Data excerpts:
════════════════════
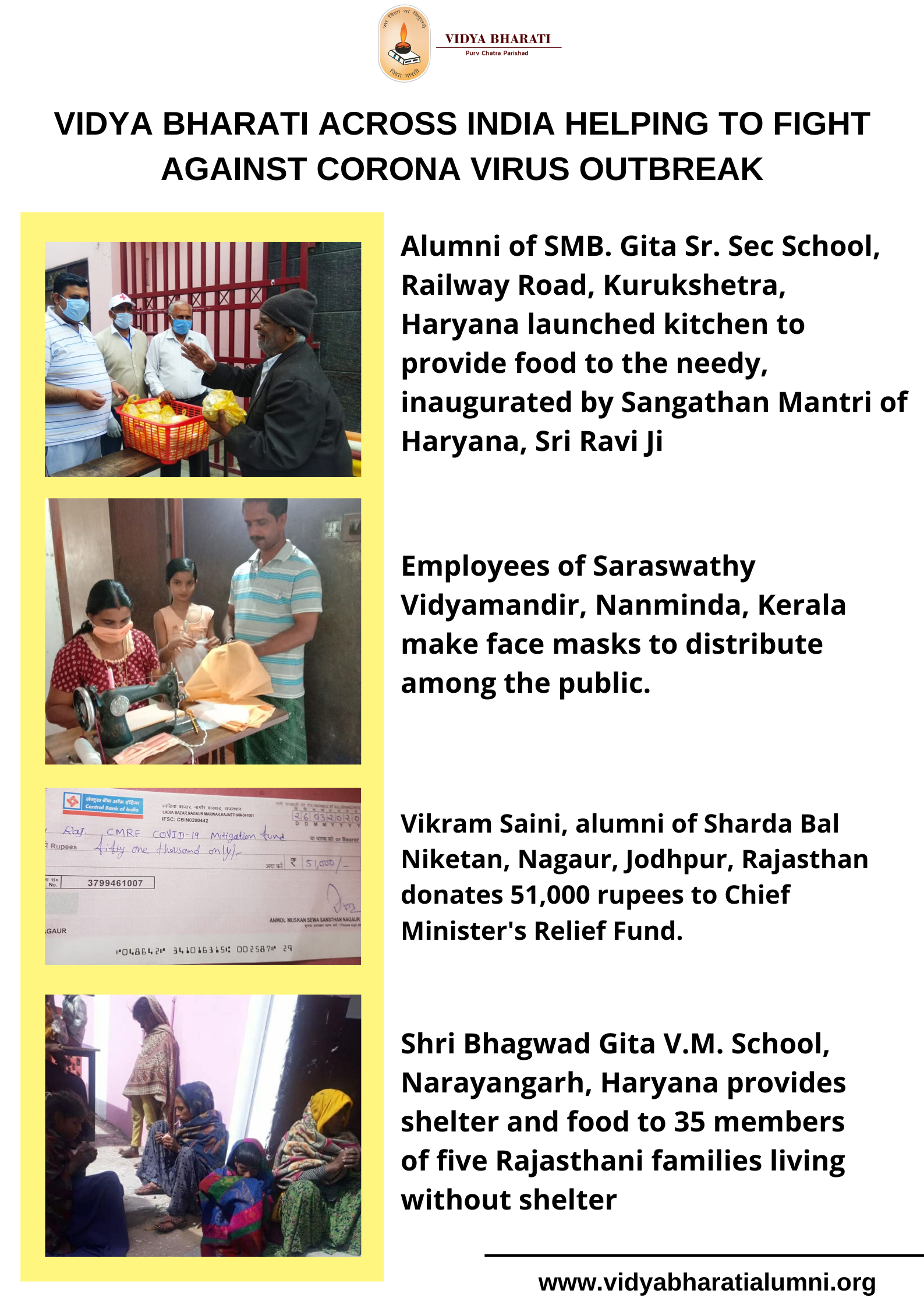 Vidya Bharati schools and alumni across India come together to fight against Corona Virus outbreak.
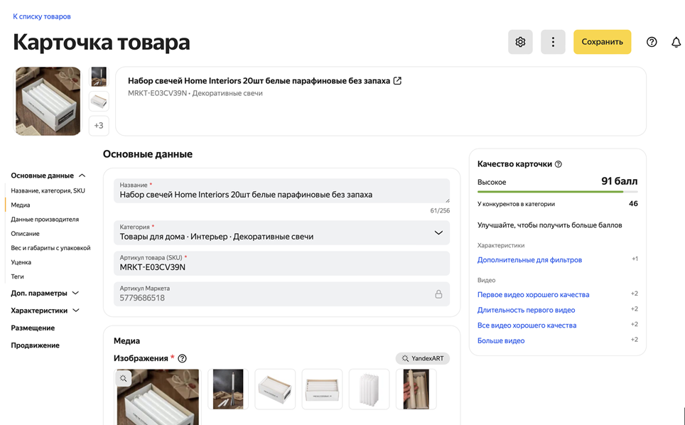 Если вы уже продаете товар на другой площадке, и у вас есть готовая карточка, настройте интеграцию с Маркетом. Перенесется весь контент — и характеристики, и медиа. Как настроить интеграцию
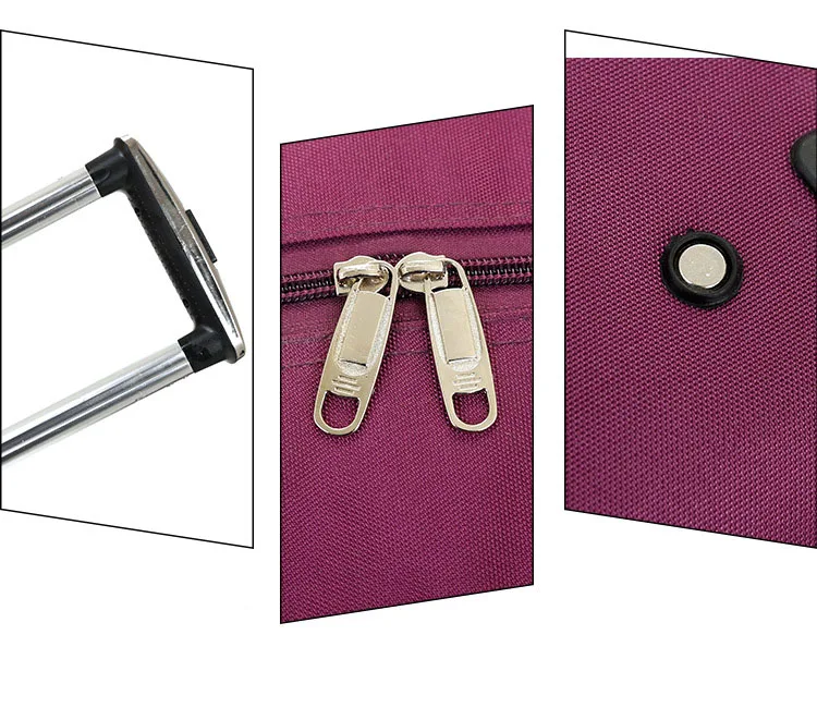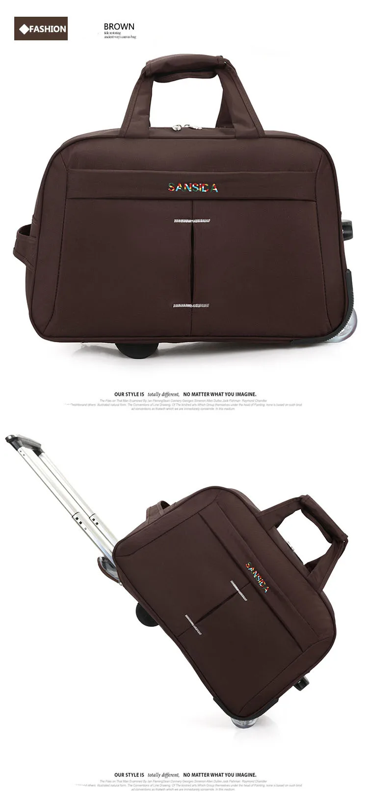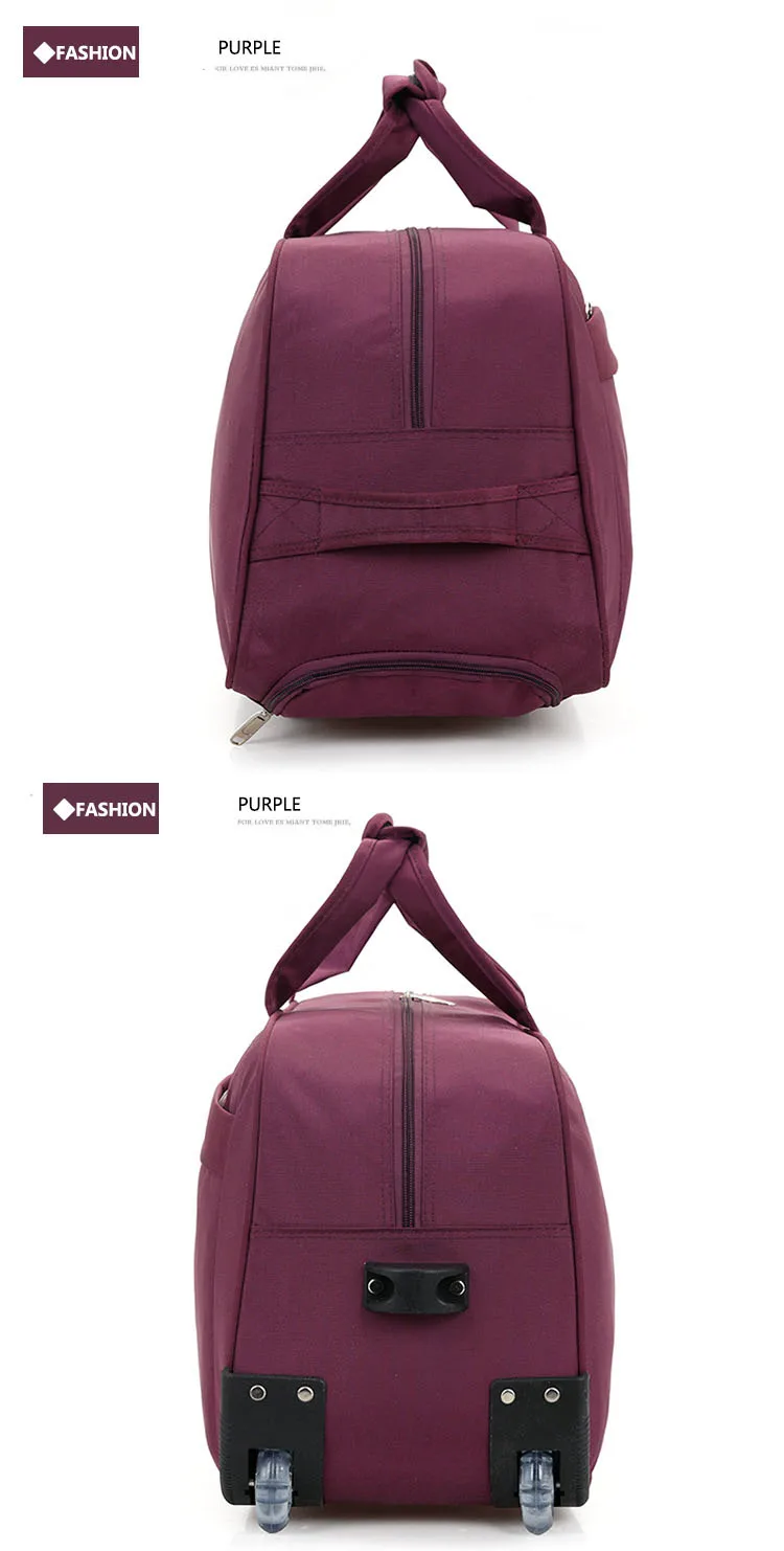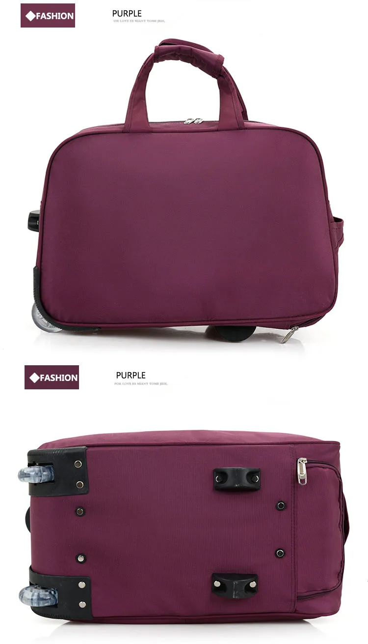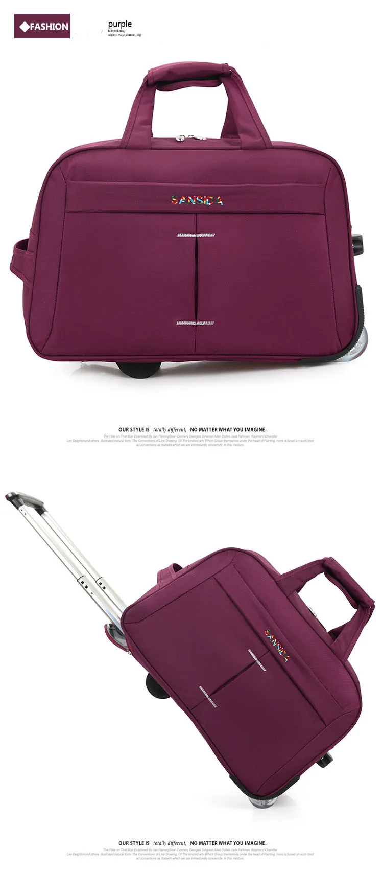Товар: Дорожная сумка-тележка Размер: 48*25*32 см Цвет: черный, коричневый, фиолетовый, красный Материал: водонепроницаемый Оксфорд, подкладка-полиэстер Особенность: многофункциональная дорожная сумка, посадка, деловая поездка, путешествия, на открытом воздухе, выходные
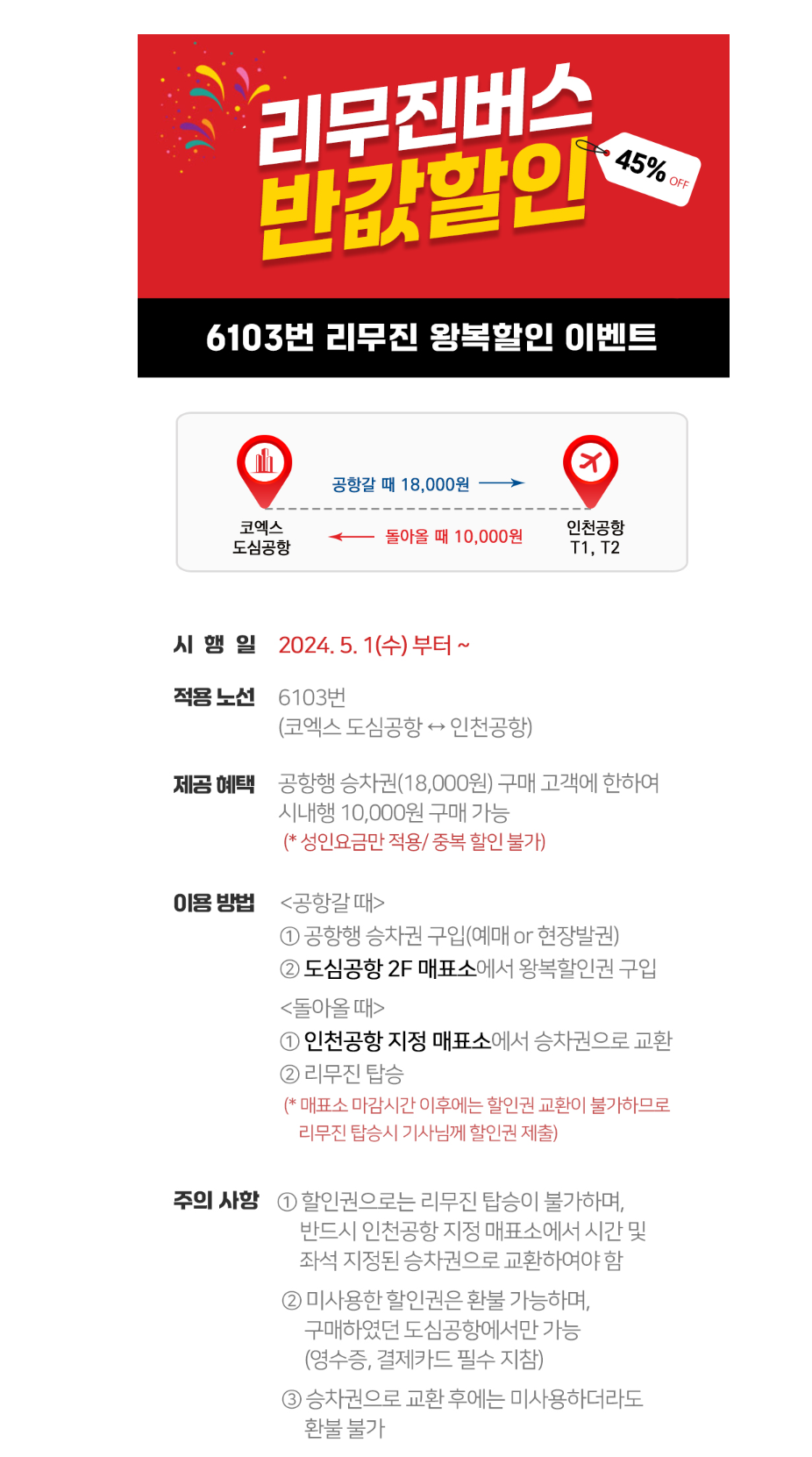 예전에는 공항 버스 무료 WIFI 가 있었는데.. 없다. 지하철, 버스도 요즘 있는데 공항버스 가격이 많이 올랐는데... 좀 아쉽다.
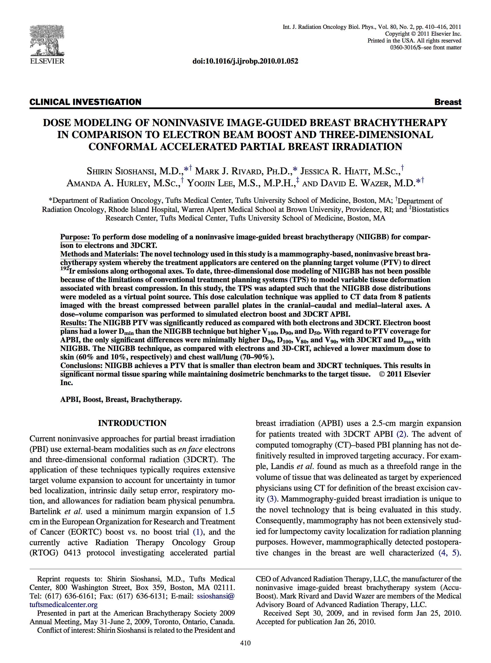 The novel technology used in this study is a mammography-based, noninvasive breast brachytherapy system whereby the treatment applicators are centered on the planning target volume (PTV) to direct 192Ir emissions along orthogonal axes. To date, three-dimensional dose modeling of NIIGBB has not been possible because of the limitations of conventional treatment planning systems (TPS) to model variable tissue deformation associated with breast compression. In this study, the TPS was adapted such that the NIIGBB dose distributions were modeled as a virtual point source. This dose calculation technique was applied to CT data from 8 patients imaged with the breast compressed between parallel plates in the cranial-caudal and medial-lateral axes. A dose–volume comparison was performed to simulated electron boost and 3DCRT APBI.
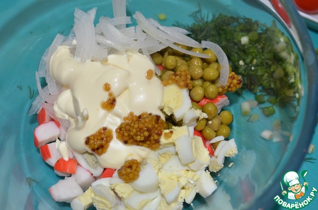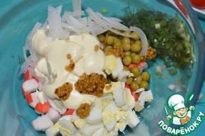 Посолить, заправить майонезом и горчицей.
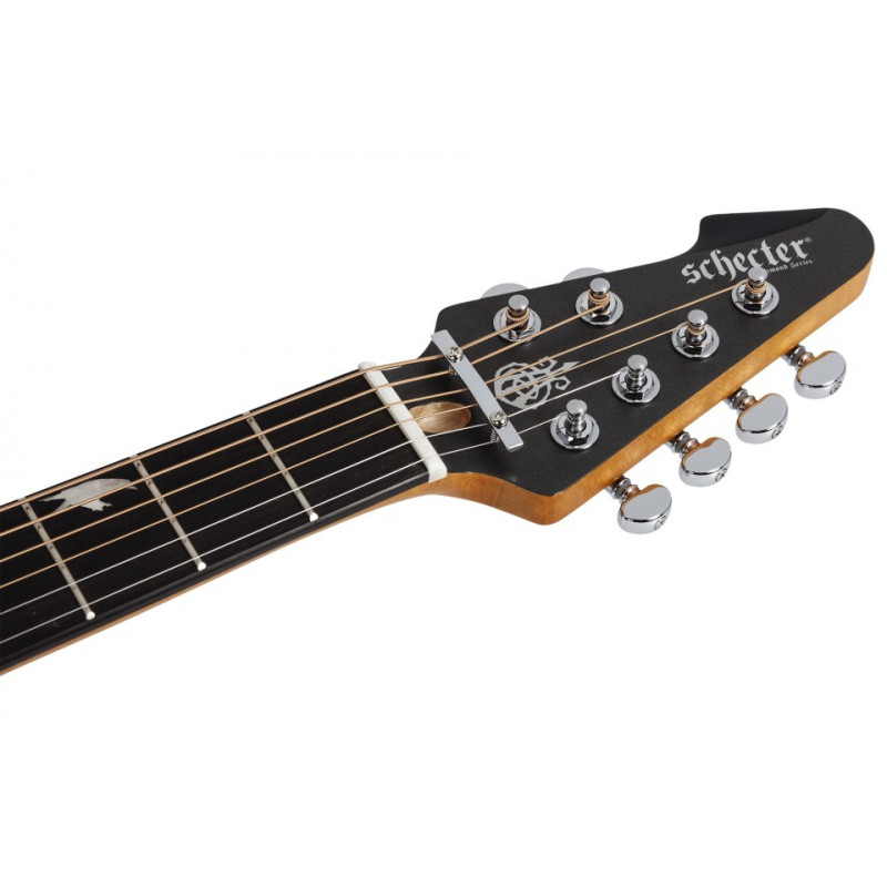 SCHECTER DJ ASHBA ACOUSTIC SCG - електроакустична гітара, стерв'ятникове кріплення: DoveTail Set-Neck, матеріал тіла: червоне дерево, матеріал верхньої палуби: ялина ціла, стерв'ятник матеріал: укус, підкладка для шиї: чорне дерево, оцтовка: чорна одношарова, fret позначки: "птахи на дротах", menzura: 25.5" (648 мм), лади: 22 Вузький X-Jumbo, радіус грифа: 16" (406 мм), форма грифа: Тонкий 'C', пористий: кістка, пора ширина: 1.693" (43 мм), ананер регульований, з анкерним болтом 4 мм.
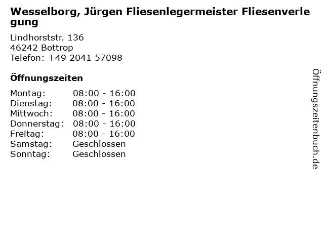 2 Fliesenfachgeschäft Bernhard Schulte Fliesenverlegung (Entfernung: 1,45 km) Werkstraße 4, 46240 Bottrop 6 |
════════════════════
Every line from the top of the entries through the line that holds "예전에는 공항 버스 무료" is to be quoted exactly, please, and nothing else; omit the pictures.

 Vidya Bharati schools and alumni across India come together to fight against Corona Virus outbreak.
 Если вы уже продаете товар на другой площадке, и у вас есть готовая карточка, настройте интеграцию с Маркетом. Перенесется весь контент — и характеристики, и медиа. Как настроить интеграцию
Товар: Дорожная сумка-тележка Размер: 48*25*32 см Цвет: черный, коричневый, фиолетовый, красный Материал: водонепроницаемый Оксфорд, подкладка-полиэстер Особенность: многофункциональная дорожная сумка, посадка, деловая поездка, путешествия, на открытом воздухе, выходные
 예전에는 공항 버스 무료 WIFI 가 있었는데.. 없다. 지하철, 버스도 요즘 있는데 공항버스 가격이 많이 올랐는데... 좀 아쉽다.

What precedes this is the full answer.